= Keidrych Rhys =

Welsh literary journalist, editor and poet

William Ronald Rhys Jones (26 December 1915 - 22 May 1987), who used the name Keidrych Rhys, was a Welsh literary journalist and editor, and a poet. He was editor of the periodical, Wales, published from 1937 to 1949 and from 1958 to 1960.

==Biography==
William Ronald Rhys Jones was born in Wales in 1915, at Bethlehem, Carmarthenshire.

In 1937 he began the publication of the literary periodical, Wales. He remained editor of the periodical throughout its life, from 1937 to 1949 and from 1958 to 1960.

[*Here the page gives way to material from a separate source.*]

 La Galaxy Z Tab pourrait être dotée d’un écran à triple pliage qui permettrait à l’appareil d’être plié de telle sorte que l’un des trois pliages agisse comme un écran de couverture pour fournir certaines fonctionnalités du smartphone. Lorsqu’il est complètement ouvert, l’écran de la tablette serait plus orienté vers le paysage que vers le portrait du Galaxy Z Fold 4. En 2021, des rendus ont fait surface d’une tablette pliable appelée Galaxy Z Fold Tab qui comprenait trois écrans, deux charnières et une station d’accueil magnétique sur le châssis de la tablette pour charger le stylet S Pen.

in 1939 he married the poet Lynette Roberts. Throughout the 1940s they lived at Llanybri, Carmarthenshire, and had two children: their daughter, Angharad (born 1945) and their son, Pridein (born 1946). During this period Faber published his collection of poems, The Van Pool (1942) and his wife's Poems (1944).

In 1949 he and his wife divorced. In that year publication of the periodical, Wales, was discontinued, and did not resume until 1958, by which time Rhys was living in London.

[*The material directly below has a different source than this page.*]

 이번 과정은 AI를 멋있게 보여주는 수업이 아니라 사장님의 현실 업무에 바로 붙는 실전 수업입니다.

He lived at Penybont farm, Llangadock, Carmarthen.

He died on 22 May 1987. An archive of his manuscripts is held at the National Library of Wales in Aberystwyth. Photographic portraits of Rhys by Howard Coster and Ida Kar are held by the National Portrait Gallery, London.

==Wales magazine==
See main article Wales (magazine)

From 1937 to 1949 and from 1958 to 1960 his editorship of the magazine, Wales, made it a channel for English-language writing in Wales. In the magazine Rhys published articles, stories and poems by Welsh writers or writers involved with Wales, such as Alun Lewis, Saunders Lewis, Dylan Thomas, Glyn Jones and Lynette Roberts. The magazine was an attempt to provide a platform for "younger progressive Welsh writers" who felt that their contribution to British culture was marginalised, and contributed to the creation of the concept of Anglo-Welsh literature or Welsh writing in English.

The poet Robert Graves wrote to Rhys and Lynette Roberts that he hoped that the periodical Wales might be a 'record-vehicle' for a new movement of tradition-minded yet modern Celtic poets. Drafts of parts of his book on mythology, The White Goddess, were published there in 1944 and 1945 as three articles, 'Dog', 'Roebuck' and 'Lapwing'.

The magazine is being digitized by the Welsh Journals Online project at the National Library of Wales.